Over the past 15 years, U.S. oil and gas production has exploded as drillers found ways to unlock vast deposits of sediment locked in shale rock. Wall Street financed a long-running drilling race that turned the United States into the world’s largest oil and gas producer.

But brutal price collapses in 2014 and 2020 triggered widespread bankruptcies, more cautious investors and changes in producer behavior, especially in the face of soft crude prices.

A recent Kansas City Fed survey found that the oil price needed to drill large volumes of oil would average $84 a barrel, compared with $74 a barrel today.

JPMorgan predicts that U.S. oil prices will fall to $64 a barrel by the end of this year and shale activity will “crawl” in 2026.

“If prices are anemic, you can remove all the red tape you want,” said Hassan Eltorie, director of corporate and trading research at S&P Global Commodities Insights.

Line chart of million barrels per day shows U.S. oil production growth expected to flatten in 2026

Chevron, the second-largest U.S. oil producer and a huge shale investor, plans to cut spending this year for the first time since the pandemic oil crash, budgeting $14.5 billion through 2025 to $15.5 billion, low That compares to $16.5 billion from $15.5 billion last year.
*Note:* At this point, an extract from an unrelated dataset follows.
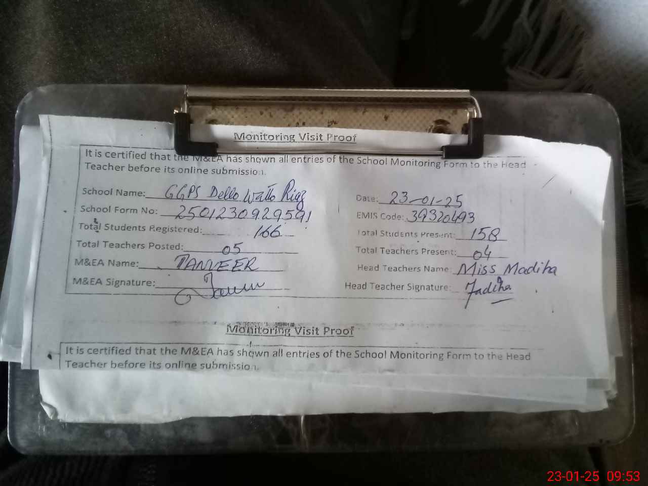 | Attendance Register | Head Teacher | MEA with School | Visit Proof |

ExxonMobil, by contrast, will raise its capital expenditures over the next few years.

Conocophillips expects to lower spending by $500 million compared with last year, and Occidental Petroleum and EOG Resources will keep activity levels about flat – decisions designed to please Wall Street.

“Shareholders of these energy stocks . . . if you do more [capital spending] They will scream bloody murder and sell your stock if they allow it.